When he plucks the bottle from my hand, the spell is broken. When he turns it on its side to read the label on the bottom, a cloud of crimson smoke gushes out, obscuring the passageway between the shelves. Tendrils lick at me, rough as tiny cat tongues.

Suddenly, everything changes.

Now that I’m no longer holding the bottle, I can smell what he smelled. Saliva floods my mouth, my stomach heaves, and I just about puke the candy bars I just ate. The face in the smoke isn’t so beautiful anymore. It’s morphing into something monstrous before my eyes. Long fangs slide from thin lips, bloody hair writhes like snakes. “Dude, what the feck did I open?” I say, aghast.

The bottle clatters to the floor.

My blood goes cold when Christian utters a single word.

“RUN.”

There are a few absolute no-brainer rules in my world. Real close to the top of this list is: if an Unseelie prince runs from it, I’m going to run from it, too. I’m not even going to ask any questions. I’m just going to vamoose with all my might.

Still … I can’t help but try to steal a peek over my shoulder. I’m the one that let it out. I have to know what it is so I can hunt it down and kill it.

“DON’T LOOK BACK!” Christian roars.

I cradle my head with my arms, trying to hold my skull together until the instant headache subsides. “Stop yelling at me and sift us, dude!” I’m freeze-framing, trying to keep up with him, but I don’t know these halls. They’re a maze that isn’t on any of my maps. I have to keep dropping down, lock my grid into place and kick back up again. The stench of rotting meat behind me is getting stronger. The skin on the back of my neck is crawling. I keep waiting for whatever is chasing us to close icy talons on my nape, rip my head off my shoulders, and kill me. All those scary movies I watched with Dancer aren’t making me laugh now. They’re filling my head with a million gruesome deaths, each more horrible than the last. It’d help if I knew what was chasing us. The unknown is always scarier than the known. I got a Mega-sized imagination, and it can do a real number on me.

“Sifting doesn’t work inside the White Mansion. Take my hand. I know these halls.”

I grab his hand, ignoring the groaning sound he makes. He laces his fingers with mine and I’m blasted by a wave of horniness. “Mute it, Christian. This ain’t the time to go death-by-sex Fae on me.”

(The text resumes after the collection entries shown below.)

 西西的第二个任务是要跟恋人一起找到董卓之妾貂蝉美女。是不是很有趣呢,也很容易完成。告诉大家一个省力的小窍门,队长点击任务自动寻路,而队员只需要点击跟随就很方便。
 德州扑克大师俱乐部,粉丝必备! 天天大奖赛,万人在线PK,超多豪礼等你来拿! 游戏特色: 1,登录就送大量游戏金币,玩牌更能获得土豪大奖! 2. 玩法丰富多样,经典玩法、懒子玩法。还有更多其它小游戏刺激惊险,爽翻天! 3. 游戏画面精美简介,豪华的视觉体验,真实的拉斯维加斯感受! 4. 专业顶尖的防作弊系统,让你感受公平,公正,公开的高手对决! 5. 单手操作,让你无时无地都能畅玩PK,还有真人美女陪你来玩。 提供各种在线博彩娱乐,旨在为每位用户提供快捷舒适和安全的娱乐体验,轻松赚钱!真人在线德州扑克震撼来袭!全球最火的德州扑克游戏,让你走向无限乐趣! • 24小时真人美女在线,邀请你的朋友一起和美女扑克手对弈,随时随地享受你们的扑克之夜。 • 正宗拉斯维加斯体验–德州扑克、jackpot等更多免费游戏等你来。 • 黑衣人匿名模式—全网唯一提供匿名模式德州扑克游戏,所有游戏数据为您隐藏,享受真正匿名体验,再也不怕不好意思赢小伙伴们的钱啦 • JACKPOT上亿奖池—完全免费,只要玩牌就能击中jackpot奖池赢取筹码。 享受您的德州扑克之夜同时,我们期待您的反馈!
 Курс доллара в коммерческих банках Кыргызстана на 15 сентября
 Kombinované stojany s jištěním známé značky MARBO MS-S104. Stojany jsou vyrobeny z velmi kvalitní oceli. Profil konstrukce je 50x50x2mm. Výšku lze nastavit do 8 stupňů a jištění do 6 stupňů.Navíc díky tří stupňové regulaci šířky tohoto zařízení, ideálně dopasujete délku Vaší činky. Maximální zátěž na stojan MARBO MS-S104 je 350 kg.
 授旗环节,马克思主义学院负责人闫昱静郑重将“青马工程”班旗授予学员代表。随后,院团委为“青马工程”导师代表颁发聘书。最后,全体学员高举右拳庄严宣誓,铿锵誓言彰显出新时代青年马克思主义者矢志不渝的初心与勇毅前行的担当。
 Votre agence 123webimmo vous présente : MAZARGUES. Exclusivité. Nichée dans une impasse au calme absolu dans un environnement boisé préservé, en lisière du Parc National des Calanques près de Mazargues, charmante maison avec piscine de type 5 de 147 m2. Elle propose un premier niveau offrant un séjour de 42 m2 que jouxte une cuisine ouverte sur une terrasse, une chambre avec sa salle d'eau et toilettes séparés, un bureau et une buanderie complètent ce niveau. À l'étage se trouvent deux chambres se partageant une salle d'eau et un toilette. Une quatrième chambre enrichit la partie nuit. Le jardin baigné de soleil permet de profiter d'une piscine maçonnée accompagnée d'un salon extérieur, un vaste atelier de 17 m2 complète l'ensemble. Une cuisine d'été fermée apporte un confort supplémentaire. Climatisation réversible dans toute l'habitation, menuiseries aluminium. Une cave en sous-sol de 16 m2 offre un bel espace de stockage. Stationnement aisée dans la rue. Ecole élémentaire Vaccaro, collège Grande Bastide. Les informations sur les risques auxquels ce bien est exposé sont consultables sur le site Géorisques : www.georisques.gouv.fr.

“Sorry, lass. It’s just that it’s your hand and there’s danger, and danger always—”

“Off it now!”

I can breathe again. Not that I want to. The stench is suffocating and closing in on us fast.

“What’s chasing us?”

“Loosely translated, the Crimson Hag.”

“How does it kill?”

“Hope you never find out.”

“Could it kill even you, an Unseelie prince?”

“She prefers us alive. She once held two princes captive for nearly a hundred thousand years before the king stopped her. Among other foul things, she tried to breed with us. I had no idea he’d stored her in his library. Everybody figured he’d destroyed the bitch.”